The Slatest

Ahead of Mueller Testimony, Trump Says Constitution Gives Him “the Right to Do Whatever I Want as President”

On the eve of Robert Mueller’s congressional testimony, President Trump took a moment to remind everyone of his reckless disregard for anything that isn’t his and anyone that isn’t Trump himself. During an 80-minute speech to young people at the uber-friendly Turning Point USA Teen Student Action Summit in Washington Tuesday, Trump casually told the young conservatives in the crowd that the Constitution gives him, as president, the power to do whatever he wants.

“Then, I have an Article II, where I have to the right to do whatever I want as president,” Trump said. “But I don’t even talk about that.” This is, of course, not true. The larger context of the quote is that Trump was—or appeared to be because who ever knows really—saying that he had the constitutional executive authority to fire Robert Mueller if he had wanted to. Article II of the Constitution grants the president executive authority and outlines certain congressional powers, but stops well short of, you know, empowering the president to do whatever he or she wants. Obviously. That’s not how laws work or how constitutions work, but it is how Trump thinks and talks. The problem is when the thinking and talking makes its way into doing.
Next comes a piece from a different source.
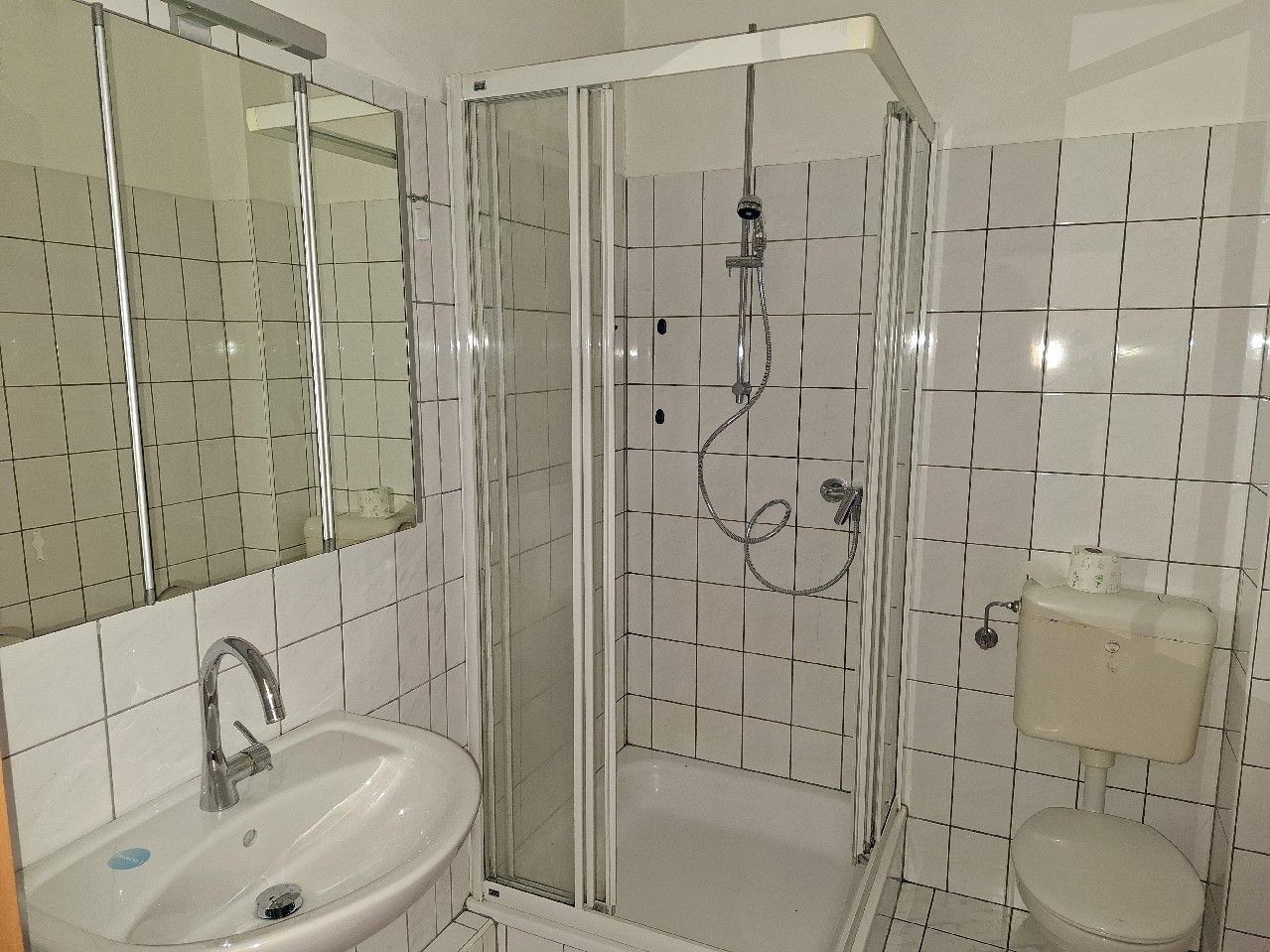 - Bad mit Dusche, Handwaschbecken und WC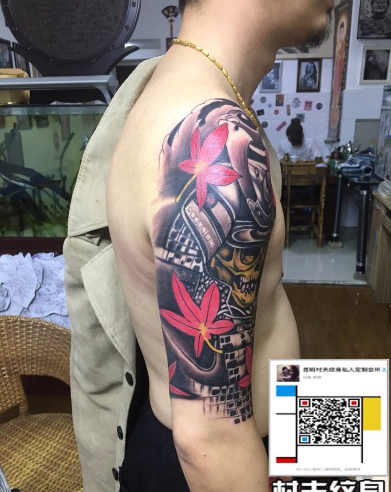 武士纹身图片_成品手臂传统宗教纹身图案

The comments came as Robert Mueller’s set to appear before Congress Wednesday and Trump went back to old standby lines of “no collusion, no obstruction.” That mischaracterizes the Mueller Report which the president 100 percent hasn’t read because he likely hasn’t read anything at all that wasn’t on a TV screen in many, many years. During his press conference earlier this year, Mueller’s sole public appearance after the release of the report, the former Special Counsel indicated that Trump likely committed obstruction, but that that was for Congress to follow up on. On Wednesday, we’ll see if congressional Democrats take a step towards doing so.